Fig. 3. Distant eQTL hotspots.

Fig. 3

The number of distant eQTL (y-axis) in each 0.5 cM bin across the genome (x-axis) is shown. The horizontal dashed line indicates the threshold of 12 eQTL. Bins with 12 or more eQTL were identified as hotspots and are colored red. Adjacent bins that all passed the threshold were merged and are colored purple, with the center of the merged bins as the position on the x-axis. Bins with fewer than 12 eQTL are colored gray.

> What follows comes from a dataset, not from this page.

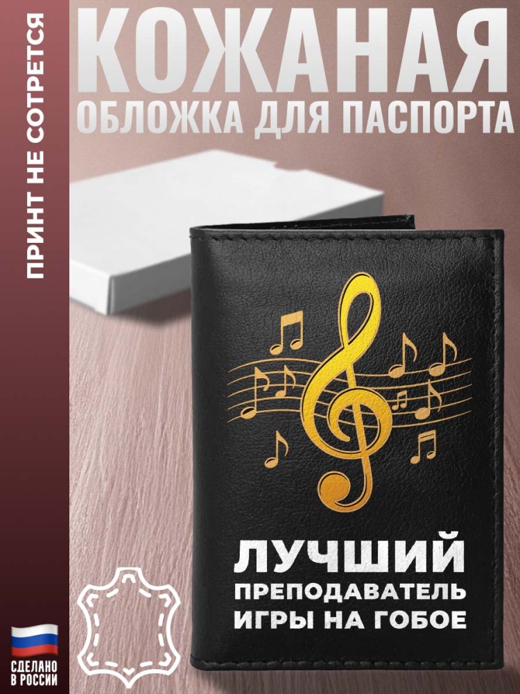 Обложка на паспорт "Лучший преподаватель игры на гобое" из кожи - описание товара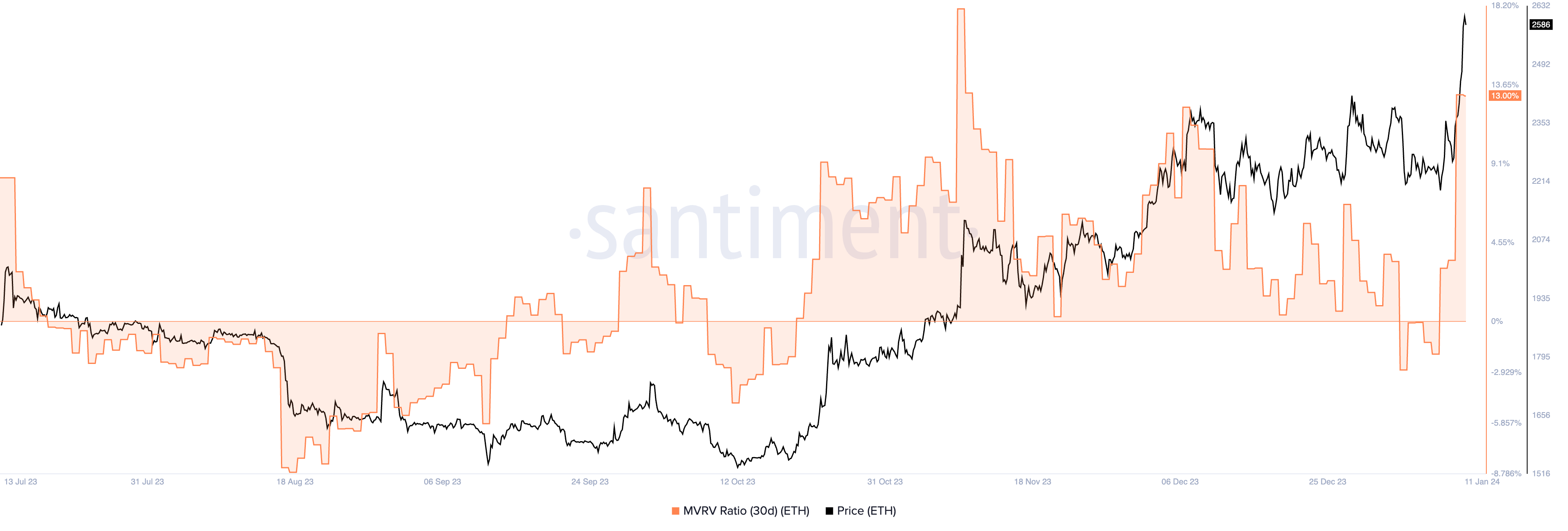 5- Ethereum (ETH): negocia con un MVRV a 30 días del 13.02%.

Mediation analysis facilitates candidate gene prioritization

Mediation analysis seeks to identify the mechanism that underlies the relationship between an exposure (an independent variable) and an outcome (a dependent variable) via the inclusion of one or multiple mediators (intermediary mediating variables). The total effects of the exposure on the outcome include both direct effects that could not be explained by mediators and indirect effects that act through mediators. In quantitative genetics mapping studies, genotypes could affect organism-level phenotypes directly or indirectly through the intermediate effects of gene expression11. Therefore, we could use mediation analysis to understand how genetic variants (exposure) affect organism-level phenotypic variation (outcome) through expression variation of one or multiple genes (mediators). We have previously identified mediation effects of scb-1 expression on responses to several chemotherapeutics and sqst-5 expression on differential responses to exogenous zinc using linkage mapping experiments9,13. To validate whether our expression and eQTL data can be used to identify candidate genes, we first performed mediation analysis on one published GWA study of variation in responses to the commonly used anthelmintic albendazole (ABZ)42.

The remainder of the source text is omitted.